The recent NFT/Crypto-wide drawdown had a lot of PRINTS holders looking for liquidity. It is known that our OTC channel has not been the best mechanism for price discovery and for matching buyers and sellers. Some of the issues:
- No permanent record for order (orderbook-style). The seller/buyer needs to constantly be broadcasting the buying/selling orders
- Doxxing, given members have to broadcast orders under their name
- Puts the onus of communication and negotiation between buyer and seller on the members. This can be costly and frustrating
Most collector DAOs don’t have any liquidity mechanism, so, despite being imperfect, the OTC mechanism is at least a solution.

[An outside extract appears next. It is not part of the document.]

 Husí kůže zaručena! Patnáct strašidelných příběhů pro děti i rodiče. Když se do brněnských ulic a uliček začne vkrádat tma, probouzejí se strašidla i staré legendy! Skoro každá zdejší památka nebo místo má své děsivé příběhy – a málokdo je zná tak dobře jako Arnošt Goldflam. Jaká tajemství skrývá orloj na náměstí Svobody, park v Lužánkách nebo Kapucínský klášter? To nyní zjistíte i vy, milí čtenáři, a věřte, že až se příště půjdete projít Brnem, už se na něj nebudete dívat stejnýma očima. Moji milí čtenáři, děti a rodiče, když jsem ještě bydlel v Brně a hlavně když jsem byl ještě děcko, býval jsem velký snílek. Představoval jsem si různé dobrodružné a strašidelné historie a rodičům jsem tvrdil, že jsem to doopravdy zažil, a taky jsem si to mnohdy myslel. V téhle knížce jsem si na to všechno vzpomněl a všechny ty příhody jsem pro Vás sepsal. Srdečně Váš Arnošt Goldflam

As an intermediary step before addressing liquidity in an automated, long-term sustainable way, an OTC desk managed by the DAO could be a step in the direction of organizing the demand and supply, and taking away the burden of being the “salesman” from the members themselves.

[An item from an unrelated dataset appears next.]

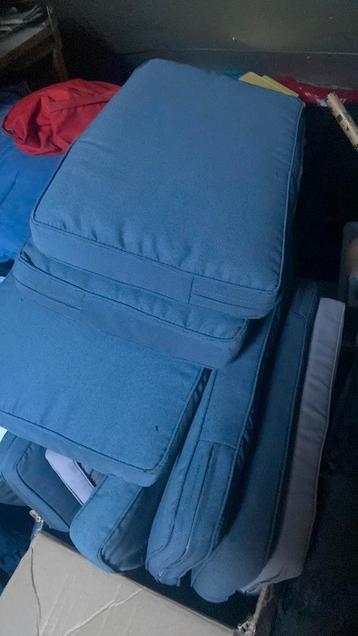 Wegens grote opruiming zolder: een doos tuinkussens voor minimaal 2 (2-zits) tuinbanken. Alles in 1 meenemen, geen uitzoeken. De donkere kussens zijn 2 jaar terug gekocht. De 2 lichtere zijn al ouder,

Paired with some ETH provided by the DAO to execute a buyback to start the market-making, I believe we can have a sense of how the PRINTS market should evolve.
The key decisions here would be:
- OTC desk mechanics
- Size of the ETH budget for buyback
- Price of the buyback
On (3), I believe the DAO should always be willing to buy PRINTS at NAV or below. That would be equivalent of us increasing our exposure to our existing collection. However, PRINTS have historically traded above NAV, so it would be interesting to get input on this point.